Where Received >= DateAdd(day, DateDiff(Day, 0, getDate()), 0)
If Received dates can be in the future, then you are probably as close to the most efficient as you can be... (Except change the Between to a >= AND < )
If you want performance, you want a direct hit on the index, without any CPU etc per row; as such, I would calculate the range first, and then use a simple WHERE query. I don't know what db you are using, but in SQL Server, the following works:
// ... where @When is the date-and-time we have (perhaps from GETDATE()) DECLARE @DayStart datetime, @DayEnd datetime SET @DayStart = CAST(FLOOR(CAST(@When as float)) as datetime) -- get day only SET @DayEnd = DATEADD(d, 1, @DayStart) SELECT COUNT(Job) AS Jobs FROM dbo.Job WHERE (Received >= @DayStart AND Received < @DayEnd)
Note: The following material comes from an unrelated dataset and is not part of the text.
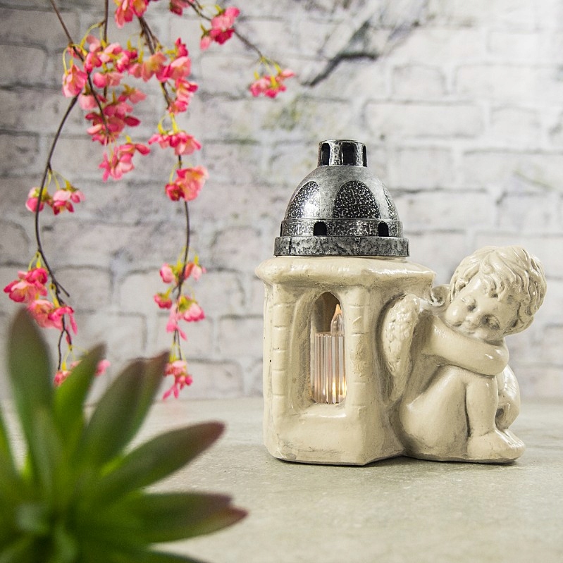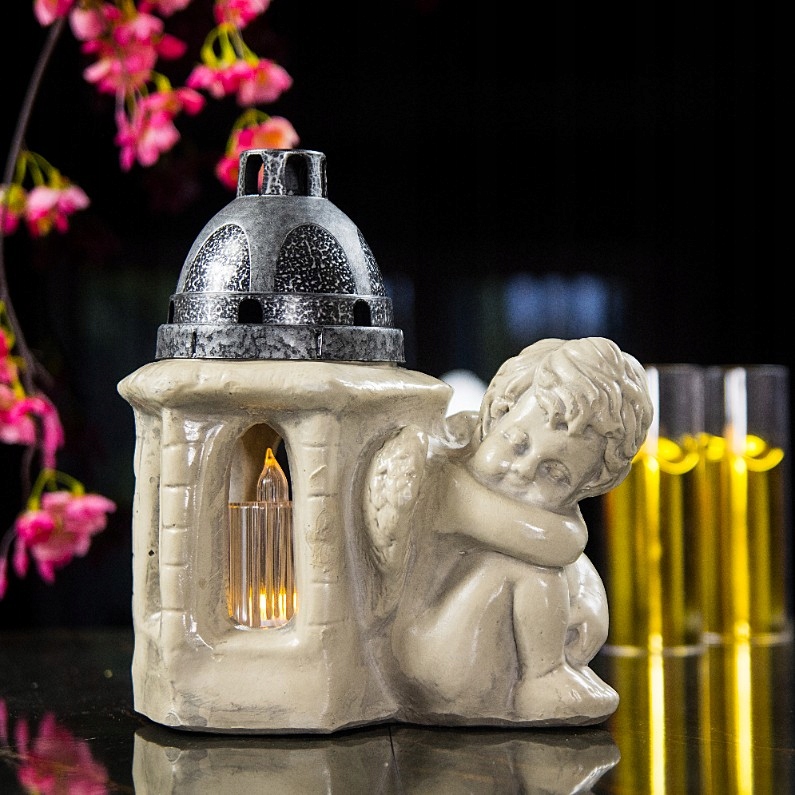 Свічка з ангелом з гіпсу просочена. Він радує своїм оригінальним виглядом.

that's pretty much the best way to do it. you could put the DATEADD(d, DATEDIFF(d, 0, GETDATE()), 0) and DATEADD(d, DATEDIFF(d, 0, GETDATE()), 1) into variables and use those instead but i don't think that this will improve performance.
I'm not sure how you're defining "best" but that will work fine.
However, if this query is something you're going to run repeatedly you should get rid of the get_date() function and just stick a literal date value in there via whatever programming language you're running this in. Despite their output changing only once every 24 hours, get_date(), current_date(), etc. are non-deterministic functions, which means that your RDMS will probably invalidate the query as a candidate for storing in its query cache if it has one.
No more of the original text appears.